EXERCISE DATA START
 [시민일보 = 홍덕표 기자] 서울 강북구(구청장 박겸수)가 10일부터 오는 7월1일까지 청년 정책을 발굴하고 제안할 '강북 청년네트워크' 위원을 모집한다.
EXERCISE DATA END
EXERCISE DATA START
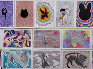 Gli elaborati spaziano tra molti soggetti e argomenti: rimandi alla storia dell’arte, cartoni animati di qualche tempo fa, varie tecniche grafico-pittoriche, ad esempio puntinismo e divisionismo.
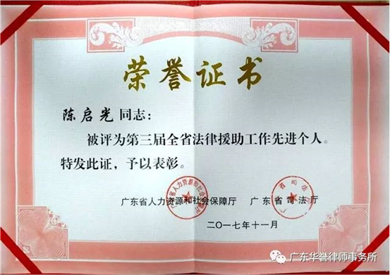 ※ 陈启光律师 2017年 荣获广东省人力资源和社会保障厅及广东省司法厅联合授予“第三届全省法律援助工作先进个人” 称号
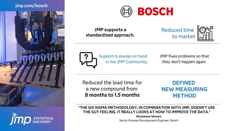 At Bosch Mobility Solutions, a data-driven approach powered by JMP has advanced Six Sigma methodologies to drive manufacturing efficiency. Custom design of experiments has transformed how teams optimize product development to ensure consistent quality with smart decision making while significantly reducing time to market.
EXERCISE DATA END
> **WORK ITEM**:
Copy everything above from the line holding "Gli elaborati spaziano" down to the line holding "At Bosch Mobility", both ends included, exactly as it stands and without the pictures.

> **OUTPUT BELOW**:
 Gli elaborati spaziano tra molti soggetti e argomenti: rimandi alla storia dell’arte, cartoni animati di qualche tempo fa, varie tecniche grafico-pittoriche, ad esempio puntinismo e divisionismo.
 ※ 陈启光律师 2017年 荣获广东省人力资源和社会保障厅及广东省司法厅联合授予“第三届全省法律援助工作先进个人” 称号
 At Bosch Mobility Solutions, a data-driven approach powered by JMP has advanced Six Sigma methodologies to drive manufacturing efficiency. Custom design of experiments has transformed how teams optimize product development to ensure consistent quality with smart decision making while significantly reducing time to market.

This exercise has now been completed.